Шахматы, определенно, помогали решить их проблему с публичными стычками. Они больше не ругались за обеденным столом, поскольку зачем же высказывать все на людях, когда можно сделать это наедине?
И если у остальных преподавателей и глаза ползли на лоб от фраз вроде “Подожду, пока мы останемся вдвоем, и докажу тебе, что ты был неправ” и “Тогда сегодня лучше пойдем к тебе”, это, определенно, не беспокоило Эрика. Он не пытался скрыть свои взаимоотношения с Чарльзом. Этот урок он уже усвоил.
Он даже не мог притворяться, что ему не нравятся их перепалки, даже прямо во время них. Настроение поднималось, когда удавалось заставить Чарльза покраснеть и начать распаляться, его веселили — и нравились — это раздражение, смешанное с беспомощностью, когда Эрик намеренно говорил что-то заведомо иррациональное. Не раз разговор доходил до того момента, когда, лет десять назад, он, скорее всего, закончился бы неистовыми поцелуями, но Рейвен умудрялась это пресекать.

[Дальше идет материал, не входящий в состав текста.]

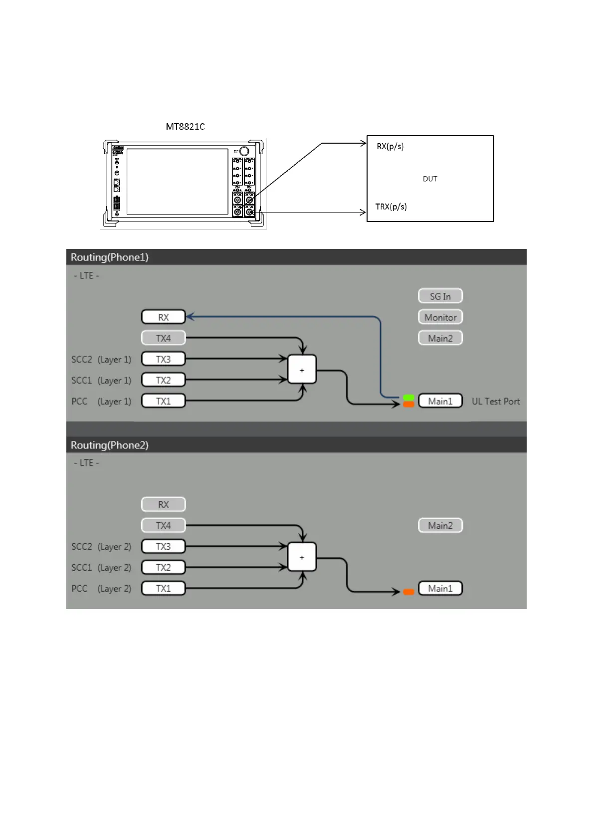 This example shows the connection diagram for the 3DL/1UL CA and Rx diversity condition. The DL signals of PCC,

Кроме того, Чарльз, кажется, предпринял все меры предосторожности, чтобы не повторился случай с поцелуем руки, избегая даже случайных прикосновений. Даже когда он немного выпивал, что обычно делало его довольно развязным, он только смотрел на Эрика с тоской, очевидно, считая, что тот этого не заметит. Он говорил и смеялся с Эриком, смотрел прямо в глаза, но никогда не прикасался к нему.
За одним исключением.
***
Профессор Шоу поймал его после завтрака в коридоре, после того как они с Чарльзом разошлись.

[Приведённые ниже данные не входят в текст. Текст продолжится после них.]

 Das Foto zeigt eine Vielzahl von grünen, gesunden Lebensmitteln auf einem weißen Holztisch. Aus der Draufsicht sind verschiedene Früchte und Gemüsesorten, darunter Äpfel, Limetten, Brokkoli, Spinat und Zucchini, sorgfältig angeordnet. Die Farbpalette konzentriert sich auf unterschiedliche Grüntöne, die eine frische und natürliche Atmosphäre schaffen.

— Осваиваешься, Эрик? Заводишь друзей?
— Эм, да, сэр, — произнес тот, на удивление искренне. Он понял, что неплохо ладит с преподавателем Заклинаний, профессором Фрост, и Алексом Саммерсом, бывшим заключенным, которого Чарльз из жалости нанял в качестве лесника, но он подозревал, что Шоу это не волнует.
Он оказался прав.
— Как я слышал, ты много проводишь времени с моим дорогим заместителем, — произнес Шоу, и, несмотря на вежливый тон, его выдавал ледяной взгляд.

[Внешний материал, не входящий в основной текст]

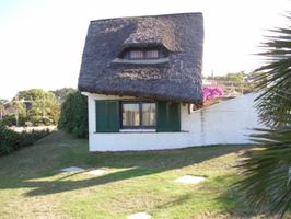 Gran cabaña a una cuadra de la playa La Aguada, balneario La Paloma departamento de Rocha. Posee jardín con vista a la playa, terraza y un fondo, amplio y cerrado, con parrillero y pérgola. La casa tiene 3 dormitorios todos con aire acondicionado uno de ellos es en suite y otro tiene cuchetas con cama marinera. 2 baños y garaje. Está equipada para 7 personas. Cuenta con 2 heladeras una de ellas con freezer, cocina a gas y horno eléctrico, lavarropas programado, microondas, tv cable (DIRECTV), Internet (WIFI) y demás electrodomésticos. Muy cómoda y fresca en verano por su alto techo de quincha y su proximidad al mar.

— Да, сэр, — ответил Эрик непривычно жестко. — Мне нравится его компания.
— Я думал, ты выше этого. Он хорошо справляется с трудной административной работой, но… Эрик, этот человек просто не из твоего круга, когда речь идет об уме или таланте или… да о чем угодно. Я не вижу, какую выгоду ты можешь извлечь из этого общения.
Эрик почувствовал, как пальцы сжимаются в кулаки, борясь с противоречивыми желаниями: первым было, к его собственному удивлению, сделать так, как он поступал в школе, подыграть, но несмотря ни на что, продолжать общаться с Чарльзом; вторым — сейчас же ударить Шоу по лицу и пообещать, что будет еще хуже, если он когда-нибудь заговорит в подобном ключе о Чарльзе.
— Напротив, сэр, — не без труда произнес он чуть хриплым голосом, — я всегда считал Чарльза равным себе и даже лучшим в некоторых вещах. Возможно, вам стоит научиться судить о своих коллегах по их поступкам, а не по крови.
Шоу отпрянул, и Эрику показалось, что он сейчас упадет. Он не стал ждать, пока директор опомнится, показывая, что разговор закончен, коротко кивнув.
Он прошел всего шагов десять, когда, завернув за угол, чуть ли не врезался в Чарльза.
Было несложно понять, что он слышал весь разговор, потому что он уставился на Эрика с выражением потрясения и восторга. Положив ладонь на его грудь, Чарльз буквально втолкнул его в ближайший полутемный пустой класс.
— Не… не придавай этому слишком большое значение, — произнес он, чуть сбивчиво, — но я просто не могу не поощрять такое поведение.
Поднявшись на носочки, Чарльз обхватил лицо Эрика ладонями и поцеловал его.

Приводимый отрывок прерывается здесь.